=== TASK INSTRUCTIONS ===
Copy out the lines of the records below, and only those lines, from the one with "Group of casual" through the one with "Estelle discussing the", exactly as they appear.
DATA SUPPLIED Block Start
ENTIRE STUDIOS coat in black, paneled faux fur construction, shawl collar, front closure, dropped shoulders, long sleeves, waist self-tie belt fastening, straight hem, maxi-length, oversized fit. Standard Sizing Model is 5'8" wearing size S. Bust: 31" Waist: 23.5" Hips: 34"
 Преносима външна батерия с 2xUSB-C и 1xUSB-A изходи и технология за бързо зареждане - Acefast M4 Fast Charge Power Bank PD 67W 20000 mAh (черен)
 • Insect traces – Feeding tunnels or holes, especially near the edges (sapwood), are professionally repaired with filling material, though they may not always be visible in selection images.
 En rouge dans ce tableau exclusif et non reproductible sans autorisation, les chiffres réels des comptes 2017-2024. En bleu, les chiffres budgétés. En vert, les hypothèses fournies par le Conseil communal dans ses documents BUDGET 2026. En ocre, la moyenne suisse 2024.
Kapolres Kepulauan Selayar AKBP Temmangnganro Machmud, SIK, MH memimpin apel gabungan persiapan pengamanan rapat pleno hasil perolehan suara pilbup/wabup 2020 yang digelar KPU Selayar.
DATA SUPPLIED Block End
DATA SUPPLIED Block Start
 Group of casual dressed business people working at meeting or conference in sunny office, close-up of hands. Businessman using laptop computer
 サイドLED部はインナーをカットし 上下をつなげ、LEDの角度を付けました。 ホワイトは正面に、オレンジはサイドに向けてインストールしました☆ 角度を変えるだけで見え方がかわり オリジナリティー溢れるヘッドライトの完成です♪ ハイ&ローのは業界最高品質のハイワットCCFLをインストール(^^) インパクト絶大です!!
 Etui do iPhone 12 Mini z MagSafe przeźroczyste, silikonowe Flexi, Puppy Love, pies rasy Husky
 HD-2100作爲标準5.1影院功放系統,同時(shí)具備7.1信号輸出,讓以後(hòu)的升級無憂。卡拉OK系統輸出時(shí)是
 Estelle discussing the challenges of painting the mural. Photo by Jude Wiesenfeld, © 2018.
DATA SUPPLIED Block End
=== PROBLEM SOLUTION ===
 Group of casual dressed business people working at meeting or conference in sunny office, close-up of hands. Businessman using laptop computer
 サイドLED部はインナーをカットし 上下をつなげ、LEDの角度を付けました。 ホワイトは正面に、オレンジはサイドに向けてインストールしました☆ 角度を変えるだけで見え方がかわり オリジナリティー溢れるヘッドライトの完成です♪ ハイ&ローのは業界最高品質のハイワットCCFLをインストール(^^) インパクト絶大です!!
 Etui do iPhone 12 Mini z MagSafe przeźroczyste, silikonowe Flexi, Puppy Love, pies rasy Husky
 HD-2100作爲标準5.1影院功放系統,同時(shí)具備7.1信号輸出,讓以後(hòu)的升級無憂。卡拉OK系統輸出時(shí)是
 Estelle discussing the challenges of painting the mural. Photo by Jude Wiesenfeld, © 2018.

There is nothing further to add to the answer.